Pourquoi le Pape a-t-il choisi le nom Léon XIV ? Le choix du nom papal s’inscrit dans la filiation explicite de Léon XIII, auteur en 1891 de l’encyclique sociale Rerum Novarum, fondatrice de la doctrine sociale catholique face à l’industrialisation. Le parallèle entre la révolution industrielle du XIXᵉ siècle et la révolution numérique actuelle est l’un des fils conducteurs du texte.
Le Pape s’oppose-t-il à l’intelligence artificielle ? Non. L’encyclique ne rejette pas la technologie en tant que telle, mais critique les usages qui transforment l’IA en instrument de domination ou d’exclusion. Le texte affirme que l’IA « ne peut être considérée comme moralement neutre » et appelle à un cadre éthique commun, à une supervision indépendante des algorithmes et à une « alphabétisation numérique » des citoyens.
Que dit l’encyclique sur l’IA militaire ? C’est l’un des passages les plus fermes du document. Léon XIV juge inacceptable de « confier à des systèmes artificiels des décisions mortelles » et demande que toute application militaire de l’IA soit soumise aux contraintes éthiques les plus rigoureuses. Le Pape a indiqué avoir écouté des voix « très inquiétantes » sur les systèmes d’armes autonomes échappant au contrôle humain.

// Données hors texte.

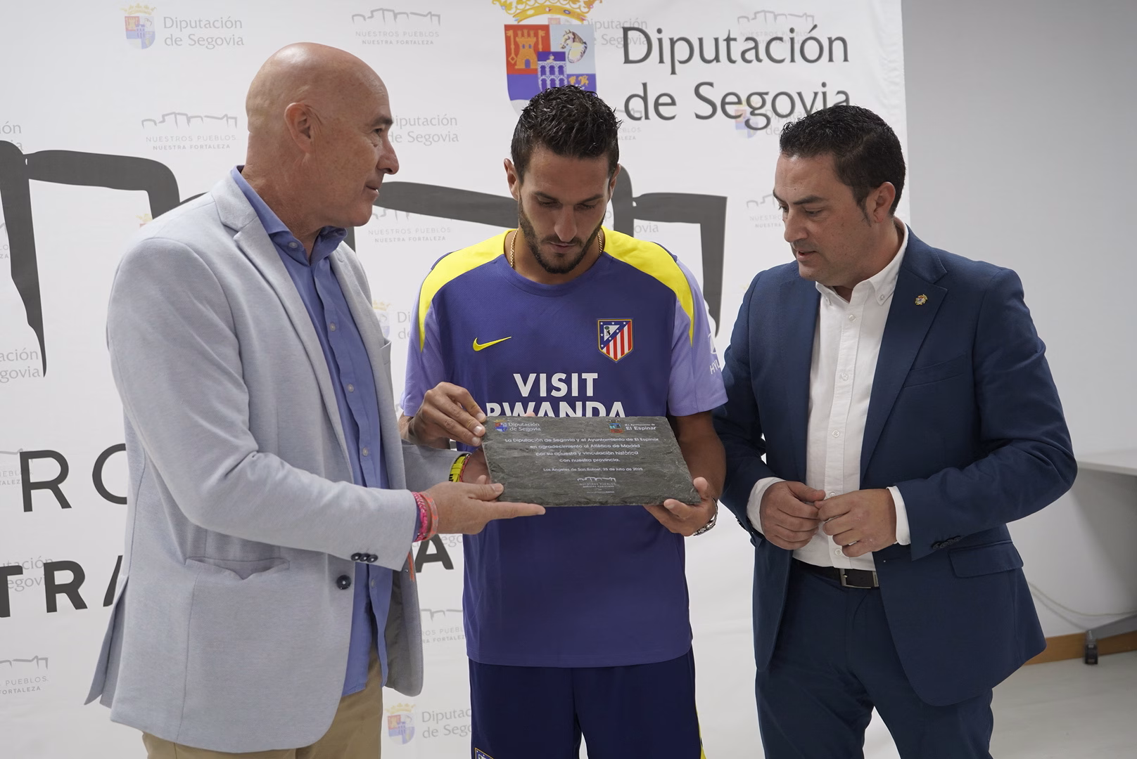 En medio de la tradicional concentración del Atlético de Madrid en Los Ángeles de San Rafael, el capitán del primer equipo, Jorge Resurrección ‘Koke’, ha recibido esta mañana al diputado de Deportes, Óscar Moral, y al diputado de Turismo y alcalde de El Espinar, Javier Figueredo, junto a quienes ha ejemplificado el histórico hermanamiento entre el club, el municipio y la provincia. Durante el encuentro, en el que también ha estado presente parte de la corporación espinariega, Moral y Figueredo, en representación de Diputación y Ayuntamiento, han hecho entrega al jugador de una placa conmemorativa en agradecimiento por el compromiso y la vinculación histórica del Atlético de Madrid con la provincia. Por su parte, Koke ha devuelto el agradecimiento en forma de camiseta personalizada a ambos, mientras han conversado sobre la costumbre del club de dar comienzo al curso en Segovia y el exigente calendario de competición al que el conjunto colchonero dará comienzo en las próximas semanas.
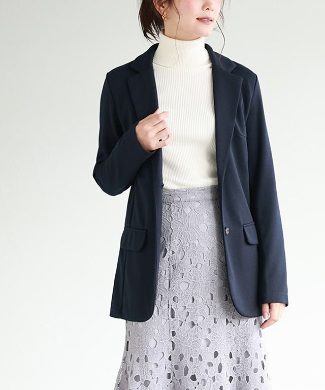 全体的にシンプルなデザイン、ハリのある素材、すっきりした首元がおすすめです。

Quelle est la portée concrète d’une encyclique papale sur l’IA ? Une encyclique n’a pas de valeur juridique contraignante hors du droit canonique, mais elle pose un cadre éthique qui pèse traditionnellement bien au-delà des seuls fidèles catholiques. Magnifica humanitas s’ajoute à un ensemble d’initiatives institutionnelles internationales — AI Act européen, résolutions de l’ONU, rapports de l’OCDE — qui dessinent progressivement les contours d’une régulation mondiale de l’IA.
Ce qu’il faut retenir
Avec Magnifica humanitas, le Pape Léon XIV signe la première encyclique d’un pontificat résolument tourné vers les défis du XXIᵉ siècle. Le texte, présenté en personne le 25 mai 2026 au Vatican et inscrit dans la filiation de Rerum Novarum (1891), appelle à « désarmer l’intelligence artificielle » — non pour la rejeter, mais pour la soustraire aux logiques de domination militaire, économique et cognitive. Trois axes structurent le propos : refus des systèmes d’armes autonomes, dénonciation de la concentration du pouvoir technologique entre quelques acteurs, et appel à l’éducation comme condition d’un usage responsable. L’encyclique n’a pas de portée juridique contraignante, mais elle pose un cadre éthique et anthropologique qui s’ajoute aux régulations institutionnelles en cours, et que le secteur de l’IA ne pourra pas ignorer.